Distance learning has also helped to strengthen the home-school connection. “Teachers are seeing the ways that technology can help meet students and parents where they are,” Nerkizian notes. “I think more teachers will incorporate recorded lessons as a reference and reteaching or extension tool to drive independent learning. I also think it will increase and expand accessibility for parents and parent/teacher communication. I’ve had a few colleagues mention that they’ve never felt such a close relationship with the parents or had a better understanding of who their students are beyond the walls of the school. Who knows, maybe this experience also shows us that snow days, as we know them, are out and remote learning days are in!”

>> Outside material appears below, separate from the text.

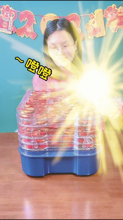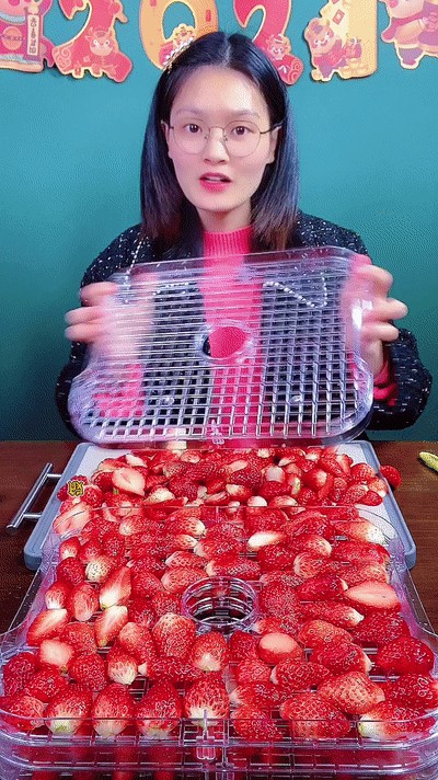 ③将切片完成的草莓放置烘干托盘上,放入烘干机,烘干17个小时即可完成啦!

In terms of establishing a strong home/school tech connection, Brady’s team distributed more than 300 devices to students–some without any technology at home and many others whose families discovered that access to shared technology at home was insufficient to meet the needs of multiple household members simultaneously engaged in working and learning remotely. “In anticipation of the potential need to extend distance learning, our technology team is repurposing existing devices and procuring new ones so that we’ll be able to provide all our students with mobile technology,” says Brady. “Based on the number of mobile devices in our K-8 classrooms, we are capable of providing a mobile device to each student. Reconfiguring existing and configuring new devices for over 2,000 students is an enormous project. Once the devices are configured, we’ll work with our building administrators to deploy them.”

The instructional technology team is hopeful about how the teachers and the District will be able to leverage this experience to elevate, engage and inspire students in new and exciting ways.. “If we decided to implement distance learning under normal circumstances, it would have taken about two years to roll it out. We would have studied the different platforms, heard from vendors and tested each system. We would have trained students and staff and had trial runs in the classroom. There would have been workshops, surveys and a great deal of discussion,” Tanenbaum reflects. “There are teachers all over this district and this country who, over the past three months, have proven to themselves that they have the ability to very effectively use technology in ways they had never dreamed possible. I can’t wait to see where that leads them.”